По склонности своей бродить, шатаюсь по ухоженным лесным аллеям с указателями и скамеечками на перекрёстках, забредаю в эти самые соседние городишки и, наслаждаясь одиночеством, пытаюсь разобраться в навалившемся на меня.
А навалилось — за год не разберёшься. А разобраться хочется. И о чём спорят с пеной у рта маоисты с троцкистами (мало им нашего примера!), или если не спорят, то говорят между собой кавалергарды на панихиде по Николаю II? И почему не прогорает маленький магазинчик у остановки автобуса № 194 в Фонтенэ-о-Роз — он торгует пепельницами и подставками для ламп мексиканского, пакистанского и иранского оникса (я за два месяца не видел ни одного покупателя)?

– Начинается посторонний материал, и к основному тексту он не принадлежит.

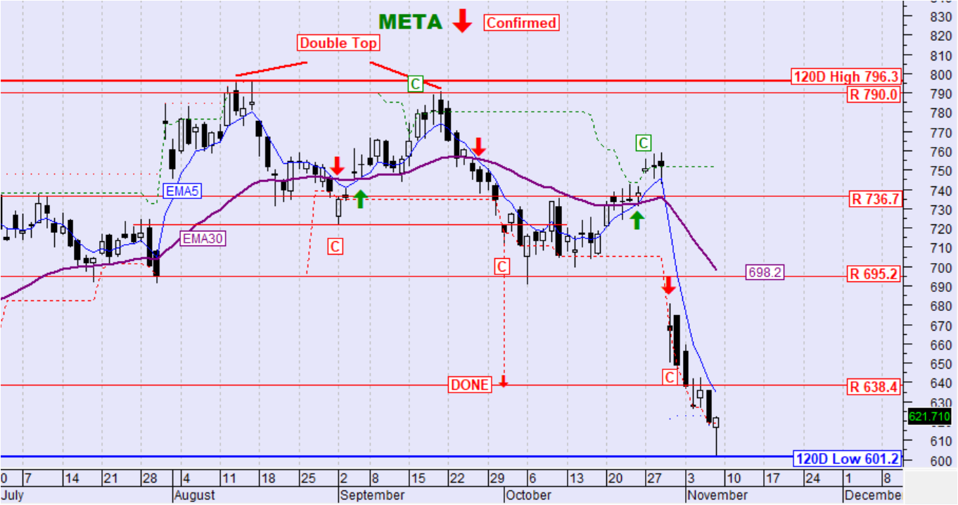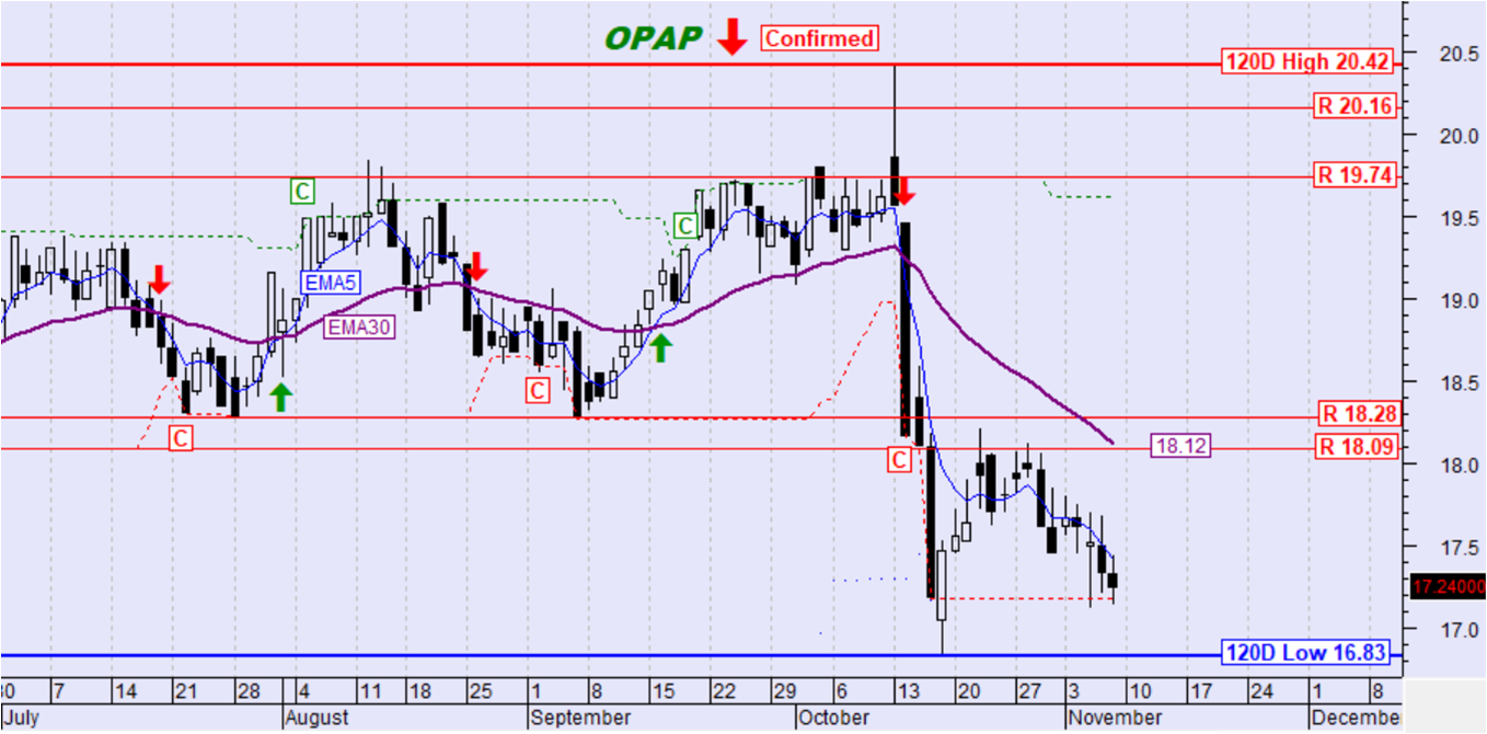 Η τιμή της μετοχής την περασμένη εβδομάδα κινήθηκε καθοδικά πέτυχε νέο χαμηλό 120 ημερών και διατήρησε την τιμή χαμηλότερα του ΕΜΑ30. Επίσης ο ΕΜΑ5 διατηρεί την τιμή του χαμηλότερα του ΕΜΑ30 με αποτέλεσμα τη διατήρηση της μεσοπρόθεσμης επιβεβαιωμένης καθοδικής τάσης. Επιτεύχθηκε ο καθοδικός στόχος του σχηματισμού διπλής κορυφής που είχε τεθεί πριν ένα μήνα περίπου.
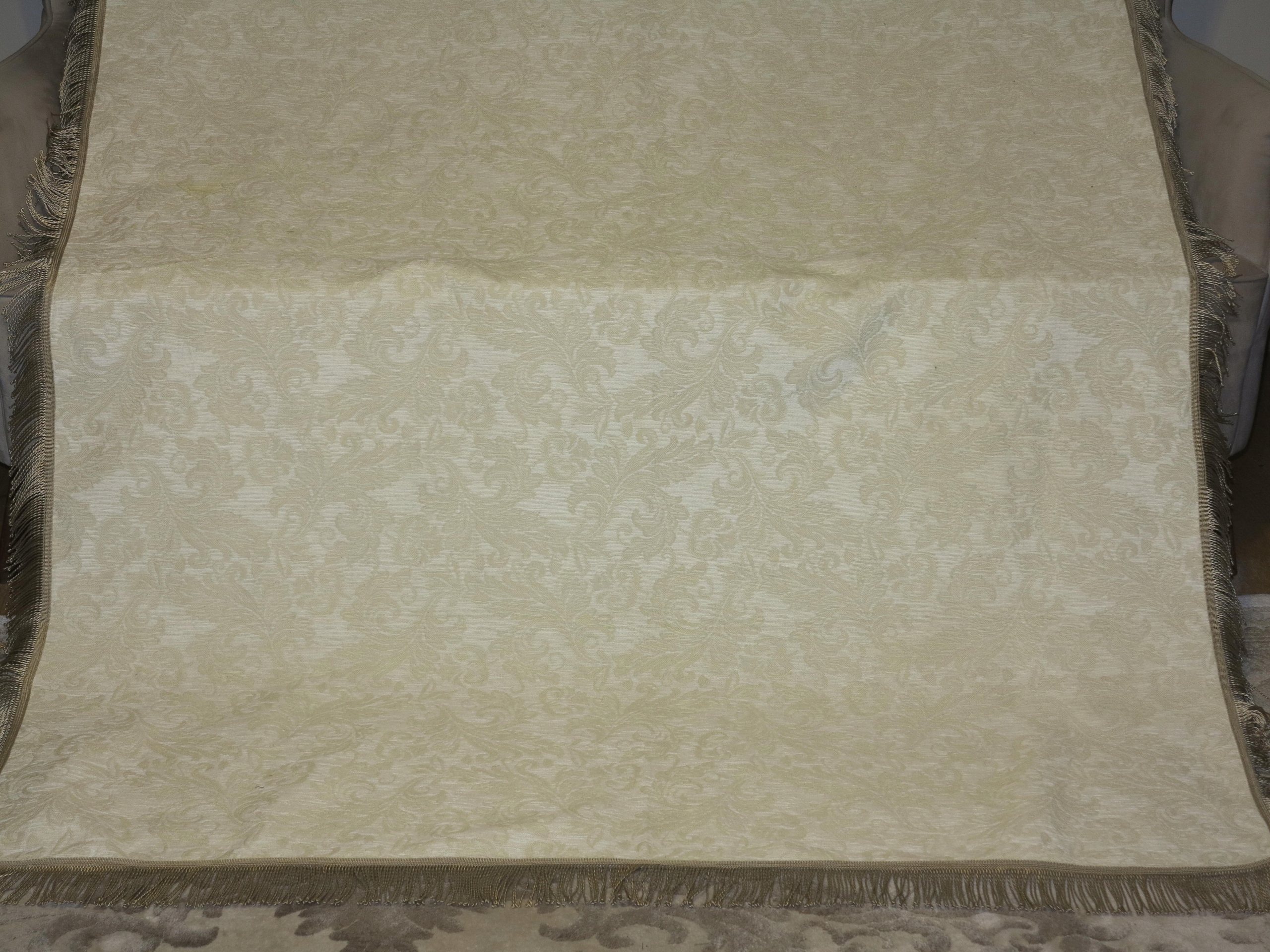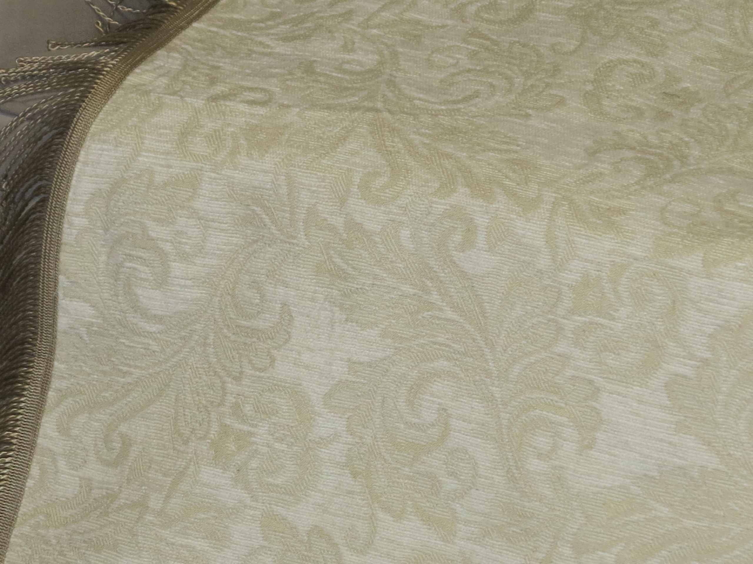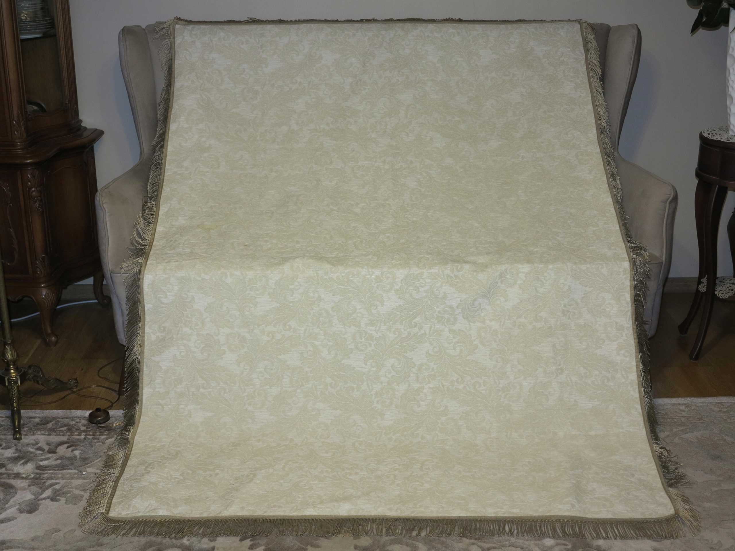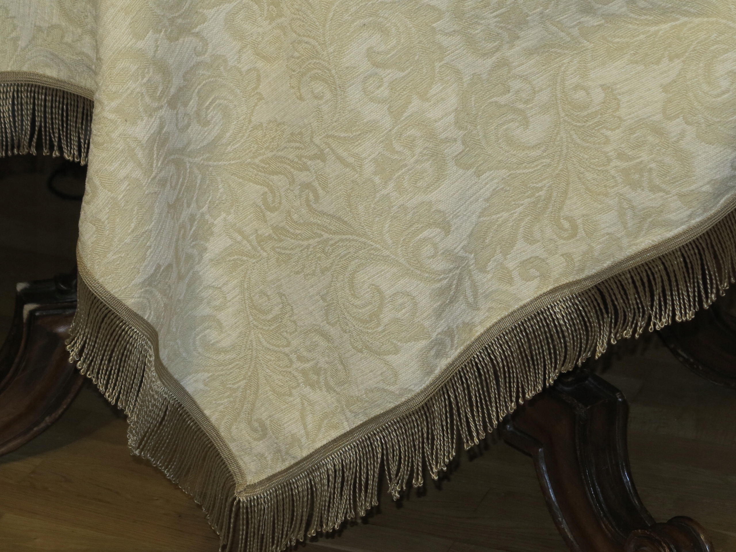 DLA KONESERA - WYJĄTKOWO PIĘKNY OBRUS Z SOLIDNEGO GOBELINU AKSAMITNEGO W ECRU, W STYLOWE ZŁOTAWE WZORY. NA OKOŁO WYKOŃCZONY ZŁOTYMI FRĘDZLAMI

И кто и когда покупает развешенные в громадном количестве цепи в «sex-shop» на Пигаль и как ими пользоваться? И что лучше, левее, прогрессивнее — «L'Express» или «L'Observateur»? И почему Жискар д'Эстен не стесняется сниматься в трусиках, да ещё в компании с Фордом и Киссинджером, и почему не позволяет этого себе с Брежневым или Косыгиным (а в Пицунде бассейны не хуже мартиникских!)? Наконец, как не уронить здесь, на Западе, достоинства русского интеллигента, если за самолёт Киев — Цюрих тебе пришлось платить собственными деньгами, а не лететь бесплатно? И ещё десять тысяч таких или ещё более сложных вопросов.
Вот так и брожу по дорожкам, а мимо, не торопясь, проезжает кавалькада красивых всадников (делать им, что ли, нечего, разъездились…), и из леса выхожу на поляну, на вьющуюся мимо кладбища дорогу, попадаю в соседний городок, захожу в «Tabac» — «Gauloise, s.v.p.». Вот и всё моё общение с французами. «Bonjour, Mme, bonjour, Mr!» в местной булочной, приветливые улыбки на почте, до местного кюре и аптекаря ещё не добрался.
Единственное, что удалось мне всё же уловить, — это, в общем-то, замкнутость французов. Бистро бистром, а так больше по домам.
В малюсеньком городишке Grez-sur-Loing, куда я как-то забрёл (старинная колокольня и Vieille tour du XII siecle[19] — везде указатели), я в три часа дня не обнаружил ни одного (не преувеличиваю!) человека. Город был мёртв, даже немного страшно стало. В моём Marlotte приблизительно то же самое, только машин побольше.
Обнаружил я, вернее, учуял повышенный интерес к деньгам у французов. Растущие цены и дороговизна жизни не последние темы в разговорах. «Oh! C'est trop cher!»[20] куда чаще встречается, чем русское «Нравится — покупай». Французская мама не поступит, как моя, когда я, четырёхлетний карапуз, проходя мимо магазина игрушек, требовал сначала un bateau[21] (тогда я ещё говорил по-французски), потом avec un marin… deux… trois… quatre и, наконец, заливаясь слезами, «plein de marins»[22]. Нарушая все педагогические каноны, мать заваливала детскую моряками и корабликами. Для меня на всю жизнь этот «bateau plein de marins» — синоним не только моей жадности, но, может быть, и неразумной, но такой родной, русской щедрости.
Что и говорить — швыряние деньгами не французская черта. Расчётливость и умение разбираться в разного рода финансовых комбинациях куда ближе этой нации д'Артаньянов (а не был ли он, часом, армянином с «ц» на конце?). И не без некоторого налёта грусти скажу, что черта эта стала, увы, не чужда и тем русским, которые давно живут во Франции. Вот маленький забавный рассказик.
Разговор за чайным столом милой русской семьи, живущей в Париже с двадцатых годов. Рассказываю о своём друге, полуфранцузе, полуукраинце, запутавшемся в каких-то банковских операциях.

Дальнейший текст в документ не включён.